Let the path 1-> 2-> 3-> 4-> 1
Then, you will be stuck in your first while loop.

i may suggest a code in python:

def find_meet(edges_list, a,b,n):
visited = [0]*n
d = {}
visited[a] = 1
if visited[b] == 1:
return a
visited[b] = 1
t = edges_list[a]
while t!= -1 and visited[t] == 0:
visited[t] = 1
t = edges_list[t]
t = edges_list[b]
# print(visited)
while t!= -1 and visited[t] == 0:
visited[t] = 1
t = edges_list[t]
# print(visited)
if t == -1:
return -1
return t


t = int(input())
for _ in range(t):
n = int(input())
edges_list = list(map(int,input().split()))
a,b = map(int,input().split())
# print([i for i in range(n)])
# print(edges_list)
print(find_meet(edges_list, a, b, n))

################# SIddhesh dosi #######################

I am not sure how can we do it in O(Log(n)), but with O(n) it should be easy.

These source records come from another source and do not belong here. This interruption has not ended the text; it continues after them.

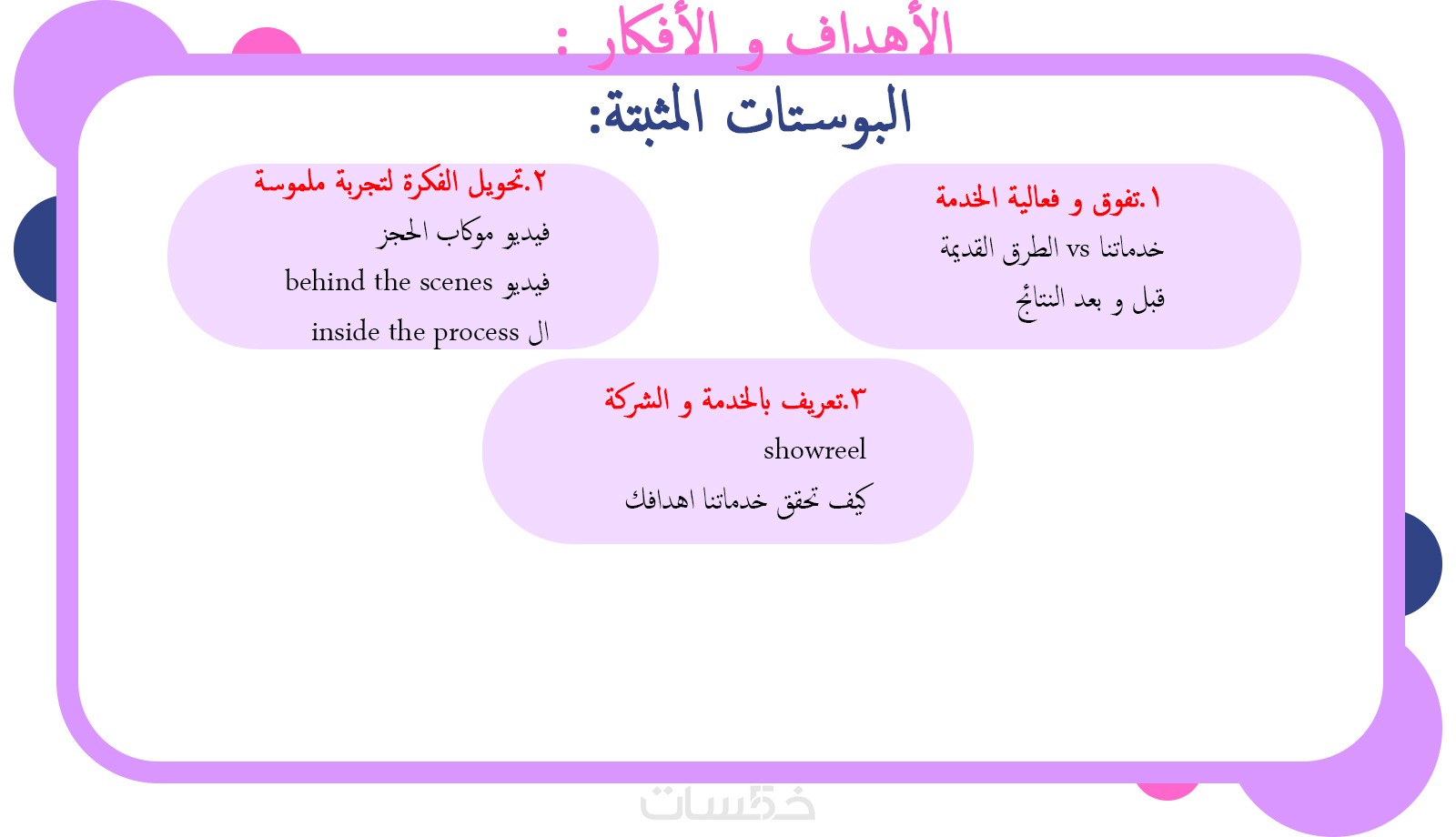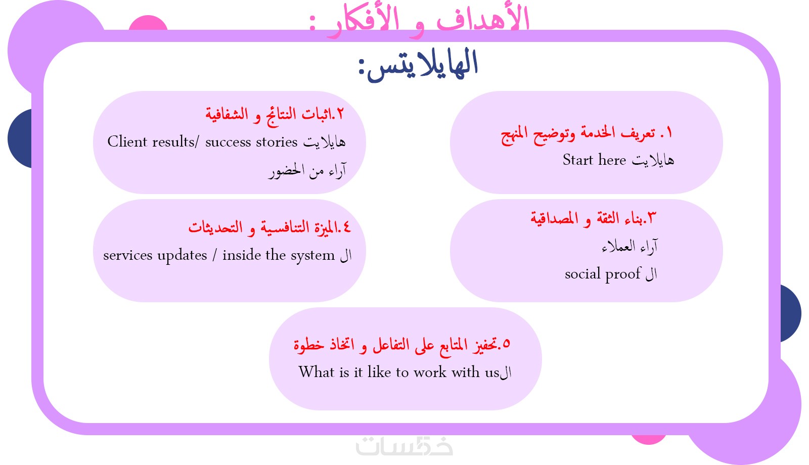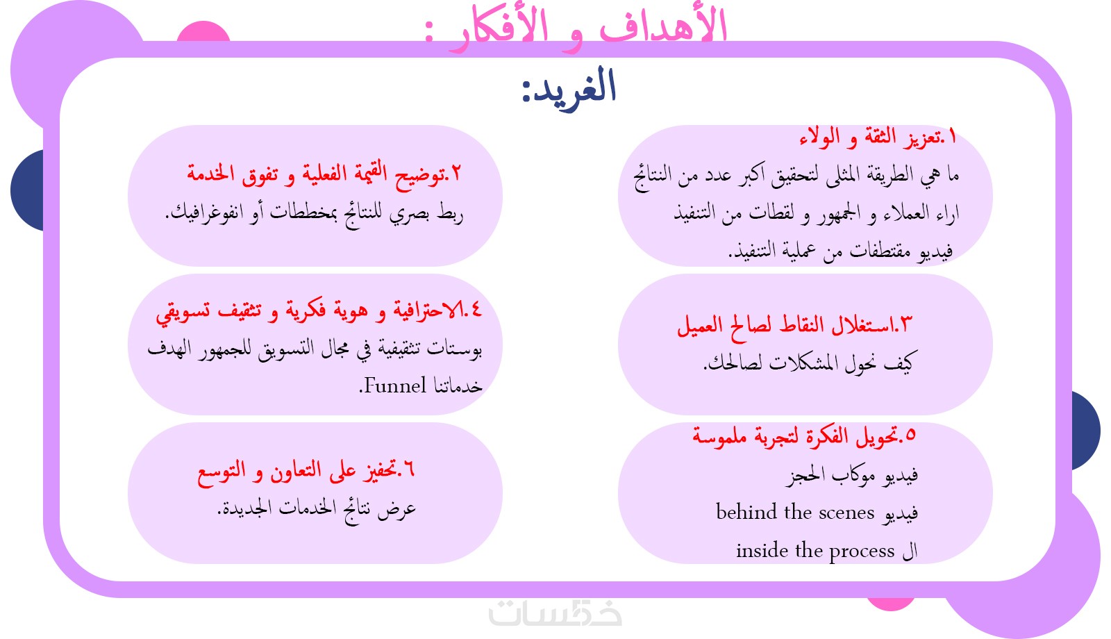 ٥.تقديم 5 أفكار محتوى قابلة للتكرار مبنية على أهداف تسويقية واضحة، مع شرح دور كل فكرة لتسهيل التنفيذ لاحقاً من قبلك أو من قبل فريقك.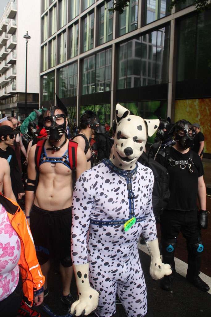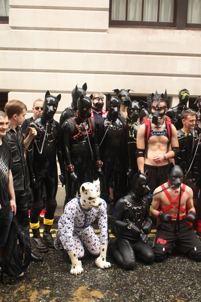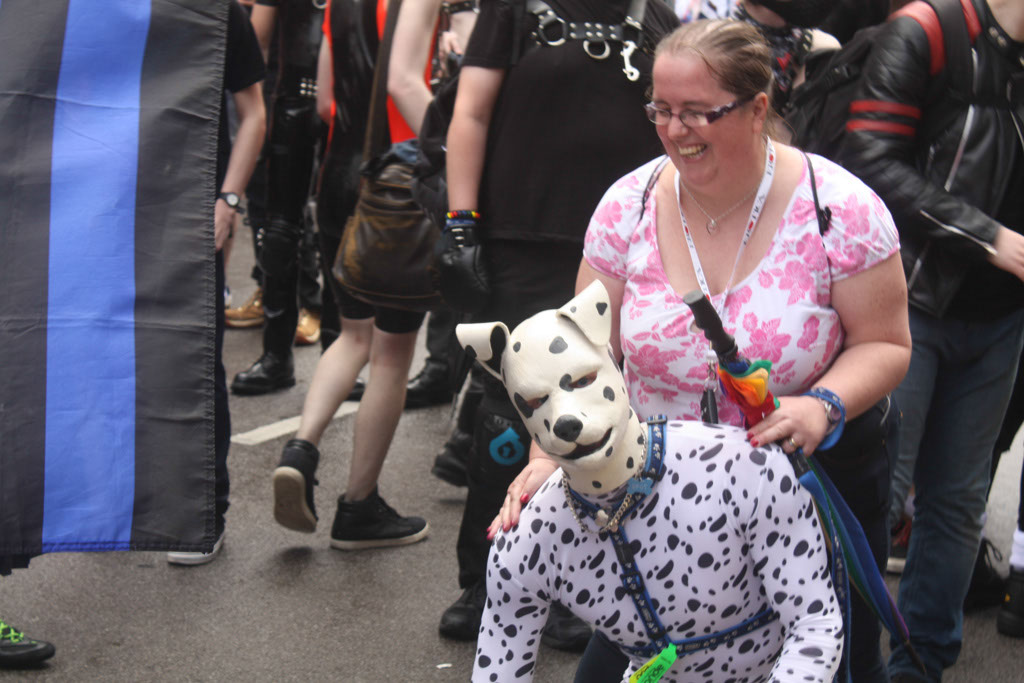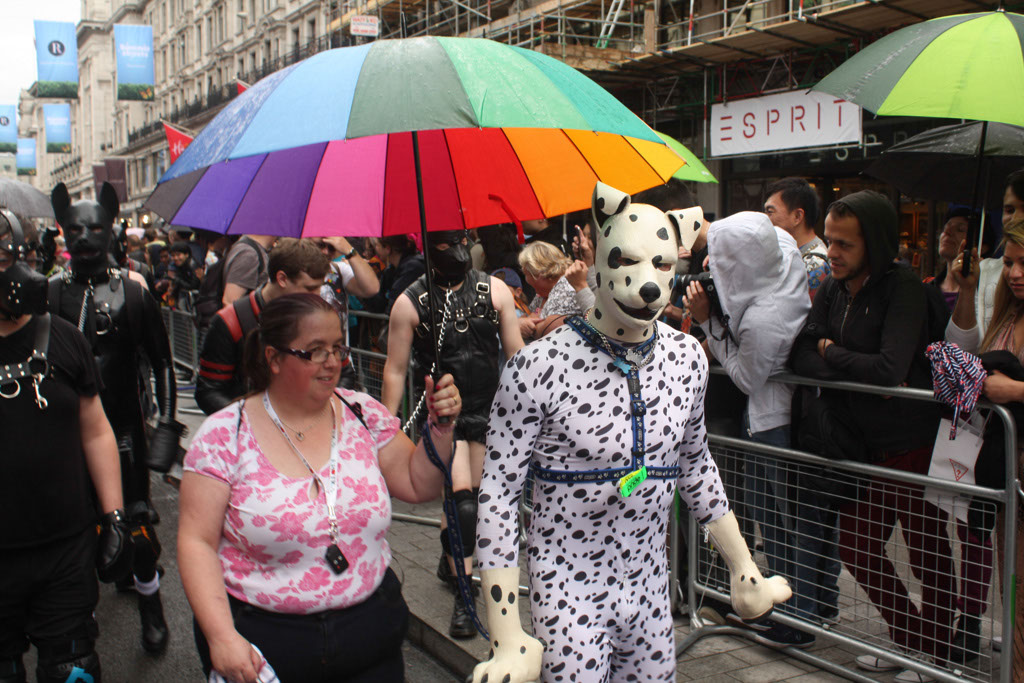 Due to a slight delay at home, we got off a bit later than planned, but still with enough time to get there before the Parade started. En-Route, we met with Caz and Wayne and carried onto Baker Street. … A quick loo stop and snack and then down to meet the rest of the group. Once with the rest of the group [too many names to remember to list here!], I finished off putting the hood, paws and knee pads on, and became my pup self. … Then the rain started!!! Luckily we bought a rainbow brolly and it was big enough to keep this pup and Caz dry. Whilst waiting for the Parade to start I bumped into a few people I knew which was fun π *wags* and we all hoped the rain would pass – which by luck, it did just before we started.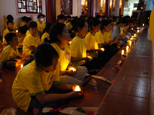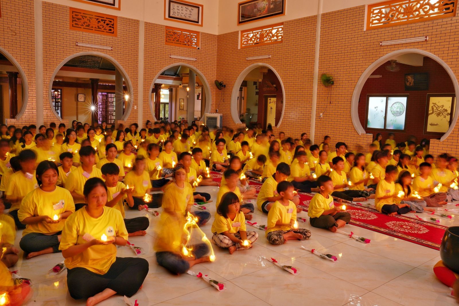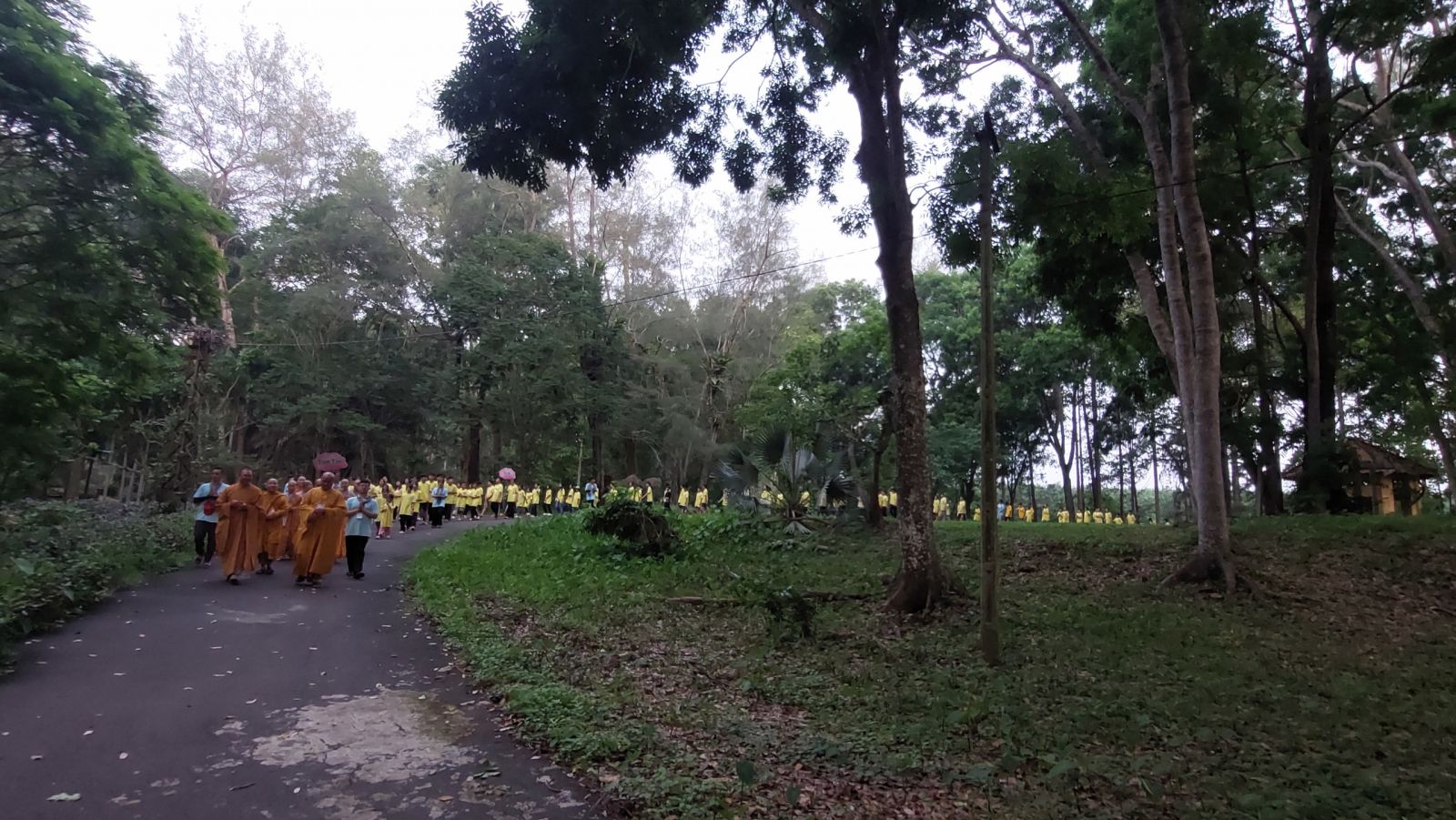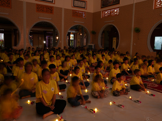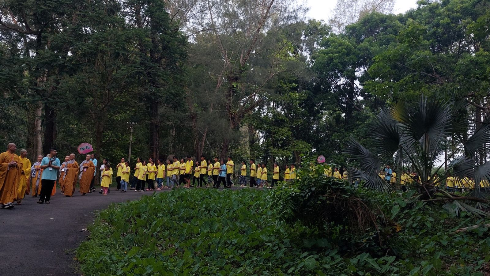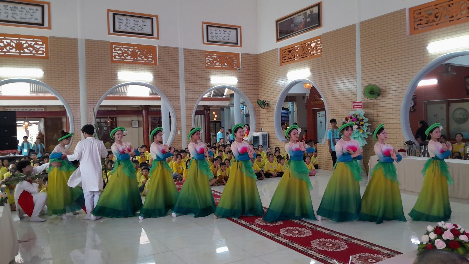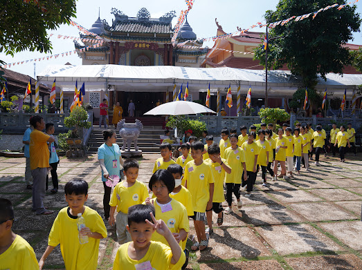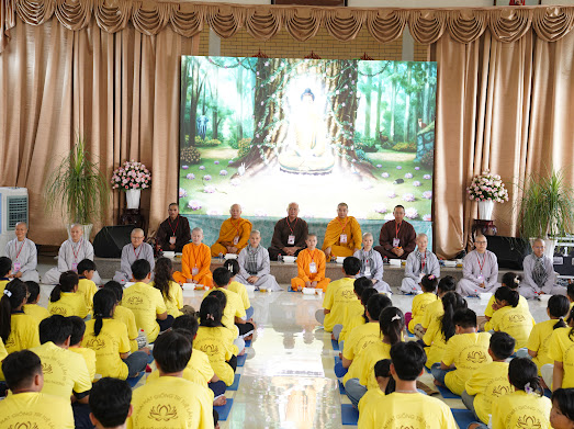 Các em cùng cất cao tiếng hát vui tươi để cung tiễn Chư Tôn Thiền Đức hồi quy khách đường trong niềm hỷ lạc. Các trại sinh

1) Keep a map where you store the cells which can be reached by C1.
2) Traverse through the path of C1, keep on storing the path in the map. {c1: 1, c1->exit: i, c1->exit->exit: 1 ....}
3) Do the same traversal for c2, at any time if you find the exit path exist in the above map then that is the meeting point of 2 cells.

In Javascript:

var path               = {},
      meetingPoint = null;
while(c1.exit) {
	var cell = c1.exit;
	path[cell] = 1;
}
while(c2.exit) {
	if (path[c2.exit] === 1) {
		meetingPoint = c2.exit;
	}
}

return meetingPoint;

Can u tell me the sol of this in c

Python code irukkah thala?

?

var path = {},
meetingPoint = null;
while(c1.exit) {
var cell = c1.exit;
path[cell] = 1;
}
while(c2.exit) {
if (path[c2.exit] === 1) {
meetingPoint = c2.exit;
}
}

return meetingPoint;

1
23

madarchod ke baccho answer toh sahi bata do

static int solution(int[] array) {
int n = array.length;
int count[] = new int[n];
Arrays.fill(count, 0);
for(int i = 0; i < n; i++) {
if(array[i] != -1)
count[array[i]] += i;
}
int maxWeight = 0;
int nodeNumber = 0;
for(int i = 0; i < n; i++) {
if(count[i] > maxWeight) {
maxWeight = count[i];
nodeNumber = i;
}
}
return nodeNumber;
}

You are given a maze with N cells. Each cell may have multiple entry points but not more than one exit (ie. entry/exit points are unidirectional doors like valves).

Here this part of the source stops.